BEGIN Given information

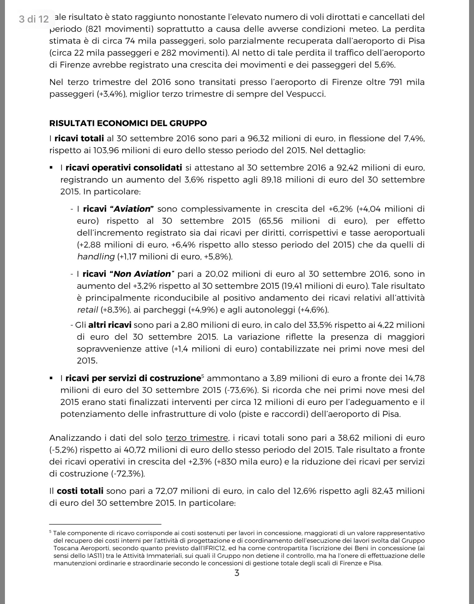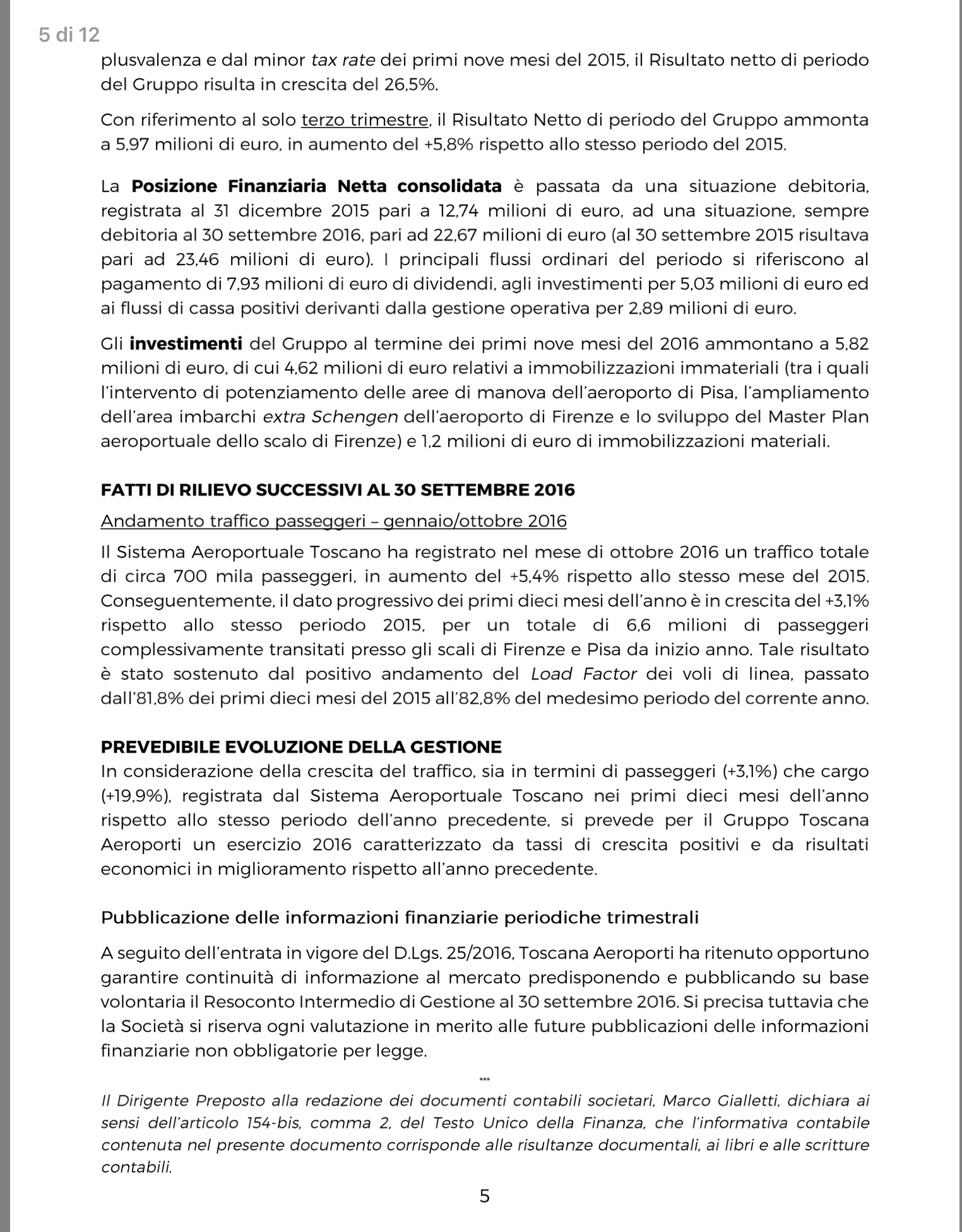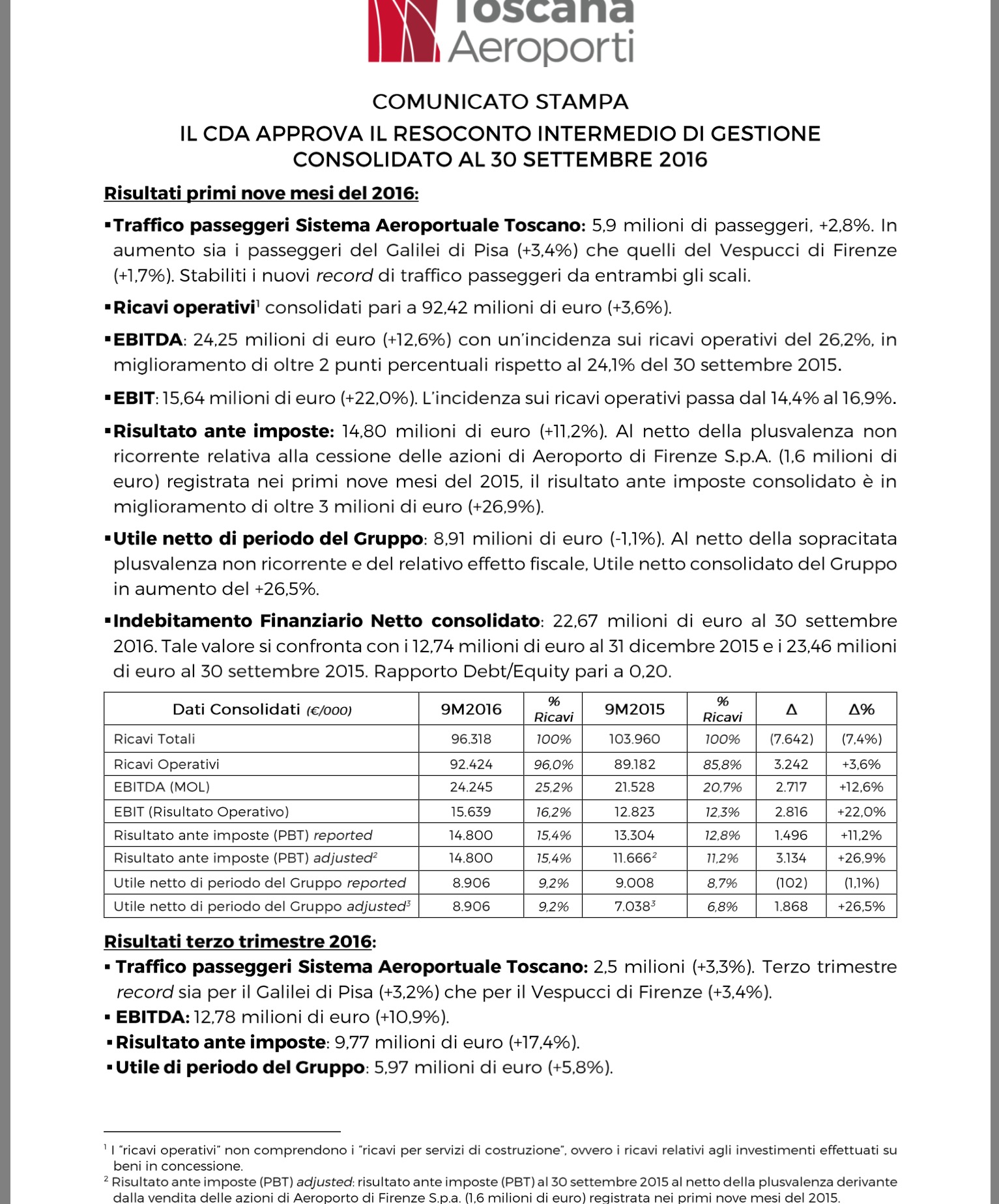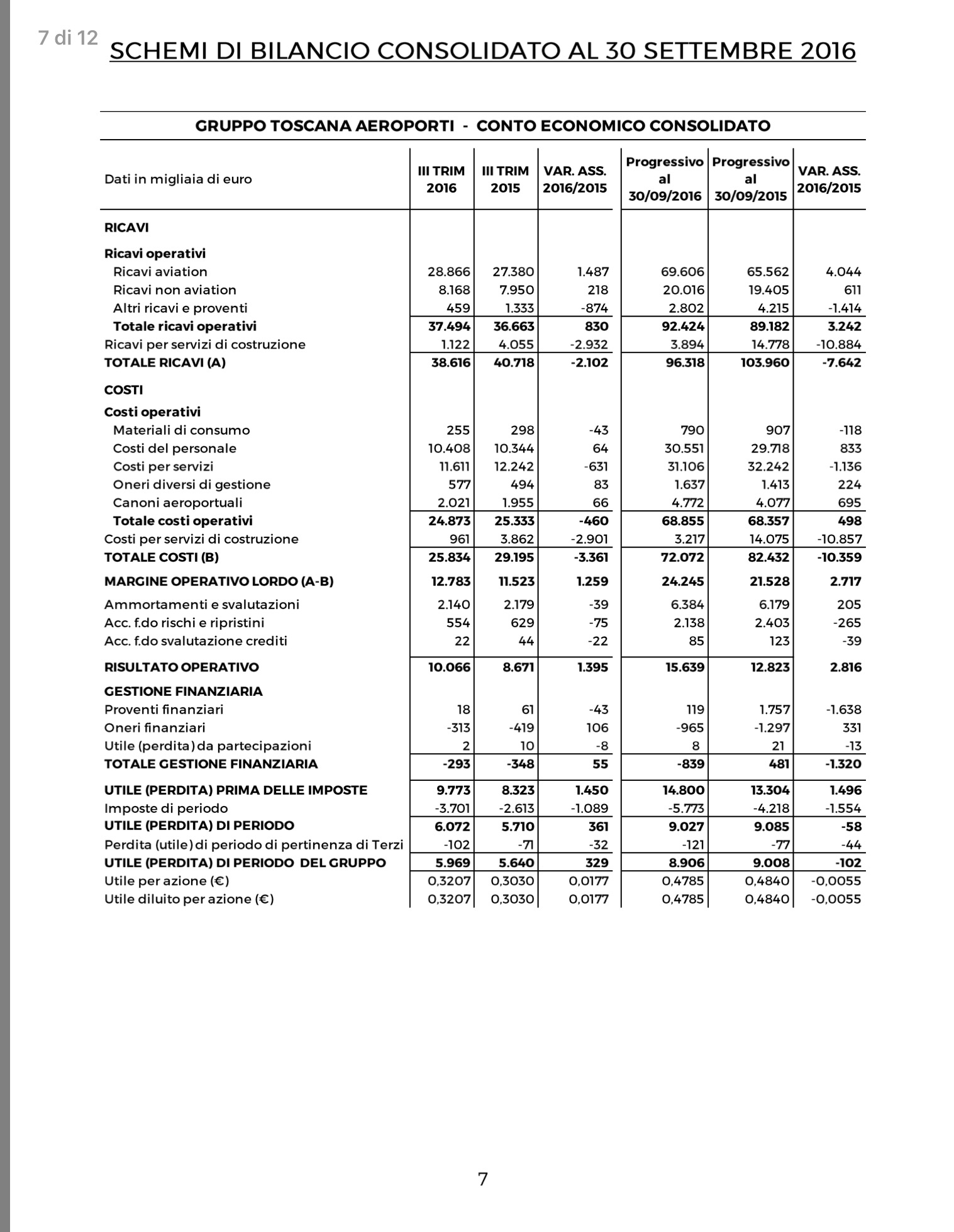 aeroporti Terza trimestrale 2016 per Toscana Aeroporti. Utili e fatturato in calo Pubblicato da Italiavola il 14 novembre 2016 Qui a seguire il comunicato stampa ed i resoconti economici del terzo trimestre di Toscana Aeroporti, la società che gestisce gli aeroporti di Pisa e Firenze. Condividi: Fai clic per condividere su Facebook (Si apre in una nuova finestra) Facebook Fai clic qui per condividere su LinkedIn (Si apre in una nuova finestra) LinkedIn Fai clic qui per condividere su Reddit (Si apre in una nuova finestra) Reddit Fai clic qui per condividere su Pinterest (Si apre in una nuova finestra) Pinterest Fai clic qui per condividere su Tumblr (Si apre in una nuova finestra) Tumblr Fai clic per condividere su X (Si apre in una nuova finestra) X Mi piace Caricamento... Correlati
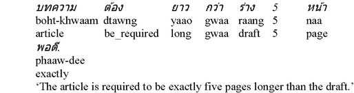 in a Language from Southeast Asia 1 IntroductionThe following article primarily focusses on presenting and summarising the main insights gained from a large-scale empirical study on comparatives and a considerable number of related comparison constructions in the Thai language, a topic which – to the best of my knowledge – has never been investigated in any comprehensive fashion, so far. Of course, such an extensive data study reveals numerous fascinating details, many of which would undoubtedly deserve a presentation of their own, but for the remainder of this little treatise, I should actually like to confine myself to these three major aspects: First of all, I intend to offer a brief overview of the most important comparison constructions attested in Thai; secondly, I envisage putting forth various arguments against classifying this language within the group of languages that is characterised by an exceed-style comparison, among which Thai happens to be counted in current linguistic literature; and thirdly, an alternative, degree-based approach to comparison in Thai will be proposed that can capture the empirical findings in this language in a much more adequate fashion. More precisely, the following section two briefly comments on the design of the empirical study I have run, it illustrates the most prominent comparison constructions available in the Thai language on the basis of natural example sentences, and it ultimately also verifies the necessity of carrying out genuine empirical fieldwork even within more formally oriented branches of linguistics, as has already been widely accepted and become standard in most other linguistic disciplines. |
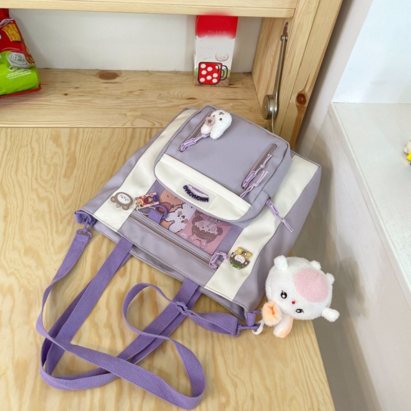 Túi đi học dễ thương cho cô gái tuổi teen Phụ nữ Phụ nữ Túi đeo chéo dung tích lớn Túi sách học sinh Túi Nylon Mô tả ' Thương hiệu mới và chất lượng cao Tính năng ' Một chiếc cặp đi học dễ thương , những chiếc ghim và đồ chơi sang trọng trong hình đều được bao gồm trong gói . "Các mẫu ghim được giao ngẫu nhiên) Thiết kế đơn giản và tiện lợi. nhiều túi , để giữ cho các mặt hàng của bạn ngăn nắp và dễ tìm hơn . Nó là một chiếc cặp học sinh mạnh mẽ và có thể là túi đeo vai hoặc túi đeo chéo , về cơ bản có thể đáp ứng mọi nhu cầu của bạn . Các phụ kiện có thể được cài đặt trên các túi khác nhau . Bạn cũng có thể treo những chiếc ghim yêu thích của mình lên đó vì nó rất dễ thương Ba lô được làm bằng chất liệu nylon. sử dụng lâu bền. thân thiện với môi trường và sức khỏe . Thích hợp cho thanh thiếu niên , phụ nữ làm túi sách để sử dụng hàng ngày và đi du lịch , v.v . Hoàn hảo để đi bộ đường dài , cắm trại , kỳ nghỉ và các hoạt động trong nhà hoặc ngoài trời khác nhau .
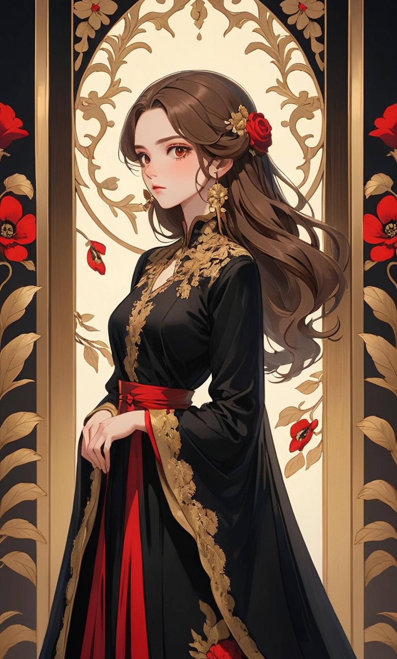 拥有深紫色长发和银色眼睛的少女,总是穿着华丽的长裙,眼神冷漠而充满病态美感,内心却隐藏着强烈的决心和执着。曾经是大小姐,后因接触到精灵的世界而变得坚韧,立誓要消灭所有的妖魔。现在是最恶劣的精灵,以自己的方式守护着这个世界。
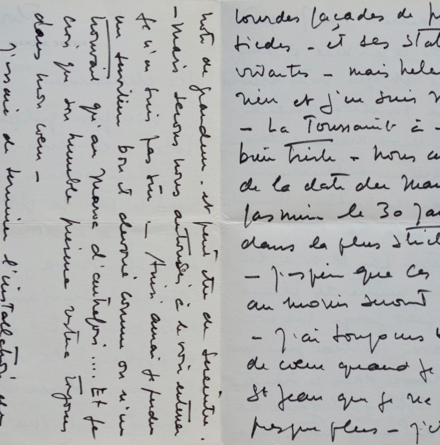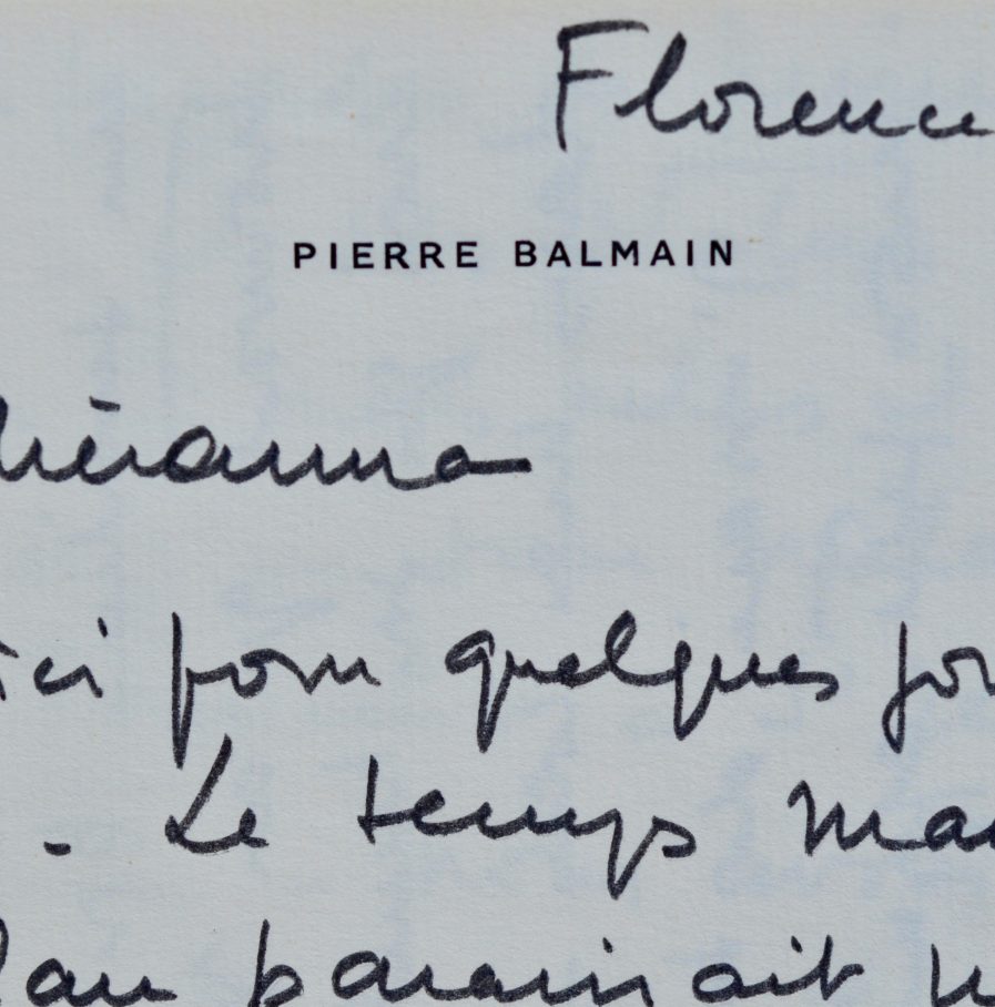 Pierre Balmain (Saint-Jean-de-Maurienne, 1914/1982)Emouvante lettre de Pierre Balmain, empreinte de nostalgie quand il évoque sa ville de naissance, Saint-Jean-de-Maurienne, et de mélancolie, au moment des obsèques de son serviteur marocain Nacer. "Me voici pour quelques jours en Italie. Le temps maussade à Milan paraissait normal, n'est-ce pas la ville du brouillard, mais quand on est à Florence sous la bruine, on en éprouve comme le sentiment d'une injustice. Et je me vais imaginant la ville comme je l'aime, dorée au soleil tardif de novembre, toutes ses lourdes façades de pierre encore tièdes - et ses statues comme vivantes - mais hélas il n'en est rien et j'en suis mélancolique. La Toussaint à St Jean fut bien triste [...]. J'ai toujours un serrement de coeur quand je retourne à St Jean que je ne reconnais presque plus. J'étais presque soulagé de partir!... [...]. Je rentre moi-même cette nuit. Demain enterrement de Nacer au cimetière musulman. Ce sera très triste. Je ne sais même pas si on a le droit de lui mettre des fleurs. Je vois le petit groupe que nous formerons, avec son beau-frère qui vient du Maroc dans ce sinistre faubourg de Bobigny. L'Imam de la Mosquée de Paris y mettra une note de grandeur - et peut-être de sérénité - mais serons nous autorisés à le voir enterrer, je n'en suis pas sûr. Ainsi aurai-je perdu un serviteur bon et dévoué comme on en trouvait qu'au Maroc d'autrefois... Et je crois que son humble présence restera toujours dans mon coeur [...]".

END Given information

Repeat the records above exactly, omitting every picture.

 aeroporti Terza trimestrale 2016 per Toscana Aeroporti. Utili e fatturato in calo Pubblicato da Italiavola il 14 novembre 2016 Qui a seguire il comunicato stampa ed i resoconti economici del terzo trimestre di Toscana Aeroporti, la società che gestisce gli aeroporti di Pisa e Firenze. Condividi: Fai clic per condividere su Facebook (Si apre in una nuova finestra) Facebook Fai clic qui per condividere su LinkedIn (Si apre in una nuova finestra) LinkedIn Fai clic qui per condividere su Reddit (Si apre in una nuova finestra) Reddit Fai clic qui per condividere su Pinterest (Si apre in una nuova finestra) Pinterest Fai clic qui per condividere su Tumblr (Si apre in una nuova finestra) Tumblr Fai clic per condividere su X (Si apre in una nuova finestra) X Mi piace Caricamento... Correlati
 in a Language from Southeast Asia 1 IntroductionThe following article primarily focusses on presenting and summarising the main insights gained from a large-scale empirical study on comparatives and a considerable number of related comparison constructions in the Thai language, a topic which – to the best of my knowledge – has never been investigated in any comprehensive fashion, so far. Of course, such an extensive data study reveals numerous fascinating details, many of which would undoubtedly deserve a presentation of their own, but for the remainder of this little treatise, I should actually like to confine myself to these three major aspects: First of all, I intend to offer a brief overview of the most important comparison constructions attested in Thai; secondly, I envisage putting forth various arguments against classifying this language within the group of languages that is characterised by an exceed-style comparison, among which Thai happens to be counted in current linguistic literature; and thirdly, an alternative, degree-based approach to comparison in Thai will be proposed that can capture the empirical findings in this language in a much more adequate fashion. More precisely, the following section two briefly comments on the design of the empirical study I have run, it illustrates the most prominent comparison constructions available in the Thai language on the basis of natural example sentences, and it ultimately also verifies the necessity of carrying out genuine empirical fieldwork even within more formally oriented branches of linguistics, as has already been widely accepted and become standard in most other linguistic disciplines. |
 Túi đi học dễ thương cho cô gái tuổi teen Phụ nữ Phụ nữ Túi đeo chéo dung tích lớn Túi sách học sinh Túi Nylon Mô tả ' Thương hiệu mới và chất lượng cao Tính năng ' Một chiếc cặp đi học dễ thương , những chiếc ghim và đồ chơi sang trọng trong hình đều được bao gồm trong gói . "Các mẫu ghim được giao ngẫu nhiên) Thiết kế đơn giản và tiện lợi. nhiều túi , để giữ cho các mặt hàng của bạn ngăn nắp và dễ tìm hơn . Nó là một chiếc cặp học sinh mạnh mẽ và có thể là túi đeo vai hoặc túi đeo chéo , về cơ bản có thể đáp ứng mọi nhu cầu của bạn . Các phụ kiện có thể được cài đặt trên các túi khác nhau . Bạn cũng có thể treo những chiếc ghim yêu thích của mình lên đó vì nó rất dễ thương Ba lô được làm bằng chất liệu nylon. sử dụng lâu bền. thân thiện với môi trường và sức khỏe . Thích hợp cho thanh thiếu niên , phụ nữ làm túi sách để sử dụng hàng ngày và đi du lịch , v.v . Hoàn hảo để đi bộ đường dài , cắm trại , kỳ nghỉ và các hoạt động trong nhà hoặc ngoài trời khác nhau .
 拥有深紫色长发和银色眼睛的少女,总是穿着华丽的长裙,眼神冷漠而充满病态美感,内心却隐藏着强烈的决心和执着。曾经是大小姐,后因接触到精灵的世界而变得坚韧,立誓要消灭所有的妖魔。现在是最恶劣的精灵,以自己的方式守护着这个世界。
 Pierre Balmain (Saint-Jean-de-Maurienne, 1914/1982)Emouvante lettre de Pierre Balmain, empreinte de nostalgie quand il évoque sa ville de naissance, Saint-Jean-de-Maurienne, et de mélancolie, au moment des obsèques de son serviteur marocain Nacer. "Me voici pour quelques jours en Italie. Le temps maussade à Milan paraissait normal, n'est-ce pas la ville du brouillard, mais quand on est à Florence sous la bruine, on en éprouve comme le sentiment d'une injustice. Et je me vais imaginant la ville comme je l'aime, dorée au soleil tardif de novembre, toutes ses lourdes façades de pierre encore tièdes - et ses statues comme vivantes - mais hélas il n'en est rien et j'en suis mélancolique. La Toussaint à St Jean fut bien triste [...]. J'ai toujours un serrement de coeur quand je retourne à St Jean que je ne reconnais presque plus. J'étais presque soulagé de partir!... [...]. Je rentre moi-même cette nuit. Demain enterrement de Nacer au cimetière musulman. Ce sera très triste. Je ne sais même pas si on a le droit de lui mettre des fleurs. Je vois le petit groupe que nous formerons, avec son beau-frère qui vient du Maroc dans ce sinistre faubourg de Bobigny. L'Imam de la Mosquée de Paris y mettra une note de grandeur - et peut-être de sérénité - mais serons nous autorisés à le voir enterrer, je n'en suis pas sûr. Ainsi aurai-je perdu un serviteur bon et dévoué comme on en trouvait qu'au Maroc d'autrefois... Et je crois que son humble présence restera toujours dans mon coeur [...]".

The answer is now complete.